Some people might call him anal, but it didn’t bother me. He was a perfectionist, and he was the most prepared director I had ever worked with. That’s why he averaged two and a half films per decade. He would have these huge boards onset, and tacked on them were about 40 or 50 Polaroids. He had taken them for the master shots, and each one had the slightest light changes. They all looked the same to me.
The one thing that unifies all of the best directors is their ability to create a safe atmosphere in which to work, where it’s okay to fall on your face. You’re not going to be slapped across the wrist. If you don’t get it this time, we’ll do it again. Let’s just make it a game. And he was very much into gaming; he was a voracious chess player. I loved going to work everyday.
AVC: Was there a conscious effort made to make you and Gary Lockwood appear as “machine-like” as HAL?
KD: In a way, HAL was more human than the humans. Stanley had written us backgrounds, and we didn’t think as were shooting, “I have to be more machine-like.” The bios explained how our characters had double doctorates in scientific fields. They were such psychologically steady individuals that what would make you and I go around the bend would only cause them to flick an eyebrow.
AVC: Was there any discussion about the meaning of the ending?
KD: Stanley did not go into the great esoteric questions that the film poses for the average audience member. He dealt with the subjective level of these two guys who were on a mission and only knew so much. What’s remarkable about him is that he never tied up plots in convenient bows at the end. There’s always an ambivalence about his films that invites many interpretations, and that’s what’s exciting about any work of art. That was what was distinctively different about the sequel [2010: The Year We Make Contact]. It wasn’t a terrible film, but it was a linear plot. From A to B and resolve in C.
AVC: What drew you to playing more disturbed and dark characters in films like Hoodlum Priest and Bunny Lake Is Missing?
KD: It was really just the luck of the draw, and it was the success of David And Lisa that began to typecast me. I’ve done much more comedy onstage. My second Broadway play was Butterflies Are Free, and I remember laughing out loud the first time I read it. I love doing comedy, and I think that’s why I love the theater too because it allows me the chance to play a greater variety of roles. I do, however, have a cameo role in an upcoming film, The Accidental Husband, where Isabella Rossellini and I play a comical German couple. It’s already been released in England, and did not get good reviews, but my daughter says I’m terrific in it.

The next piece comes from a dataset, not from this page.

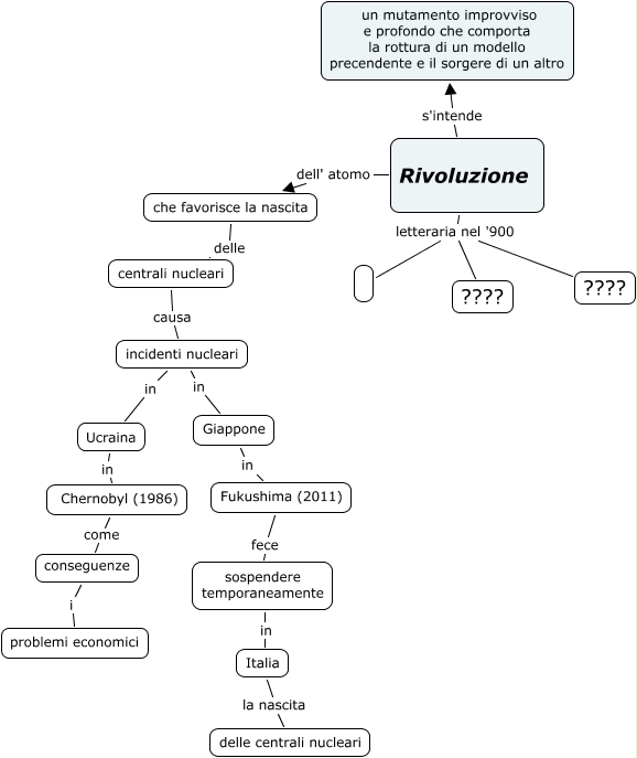 Questa Cmap, creata con IHMC CmapTools, contiene informazioni relative a: Rivoluzione, Chernobyl (1986) come conseguenze, Giappone in Fukushima (2011), che favorisce la nascita delle centrali nucleari, Rivoluzione dell' atomo che favorisce la nascita, incidenti nucleari in Giappone, incidenti nucleari in Ucraina, Fukushima (2011) fece sospendere temporaneamente, conseguenze i problemi economici, Rivoluzione s'intende un mutamento improvviso e profondo che comporta la rottura di un modello precendente e il sorgere di un altro, Italia la nascita delle centrali nucleari, Rivoluzione letteraria nel '900 ????, Rivoluzione letteraria nel '900 ????, centrali nucleari causa incidenti nucleari, sospendere temporaneamente in Italia, Ucraina in Chernobyl (1986), Rivoluzione letteraria nel '900
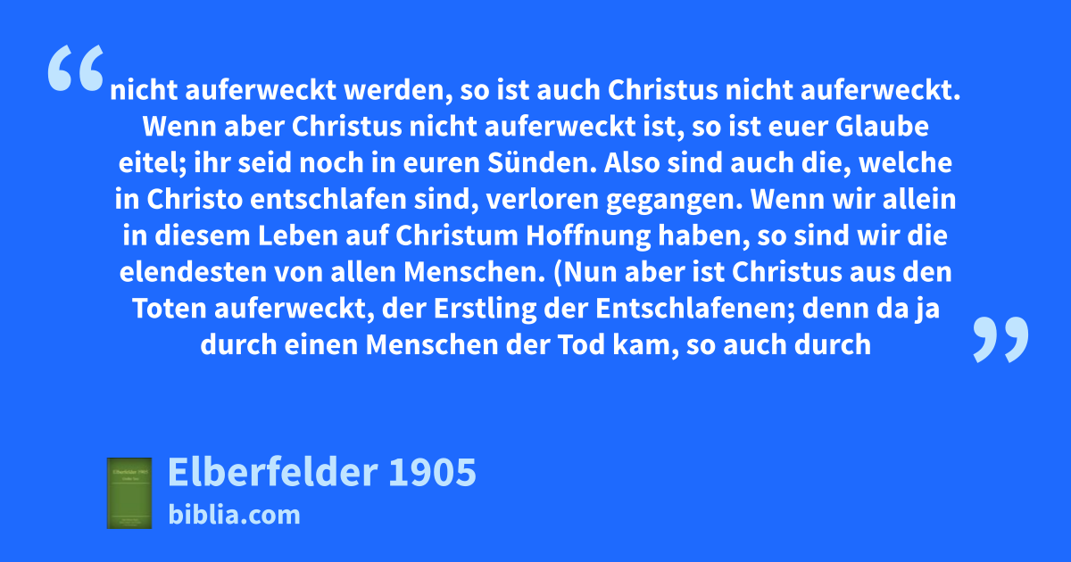 14 wenn aber Christus nicht auferweckt ist, so ist also auch unsere Predigt vergeblich, aber auch euer Glaube vergeblich.

AVC: Do you prefer stage acting over film acting?
KD: I’ve received my greatest moments of joy onstage, but that doesn’t mean I look down on film. I’ve been privileged to work with some wonderful directors, and have had some very fulfilling experiences making films. The difference between stage acting and film acting is really a matter of scale. If you’re performing in a large, thousand-seat theater on Broadway, you have to be heard by the person in the last row, and still not come across as overacting for the person in the front row. That’s the challenge of the theater, and that’s what makes it, for me, particularly exciting.
AVC: Will mankind will ever create a real HAL?
KD: [Kubrick] certainly projected the reality of advanced systems in a way that a lot of people couldn’t foresee, and Arthur C. Clarke was a great predictor. We don’t have an intelligent computer quite the way he pictured it yet, but I’m sure we will. It’s only eight years after the year 2001. Even if it didn’t come out for another 25 years, that’s a blink in the eye of eternity.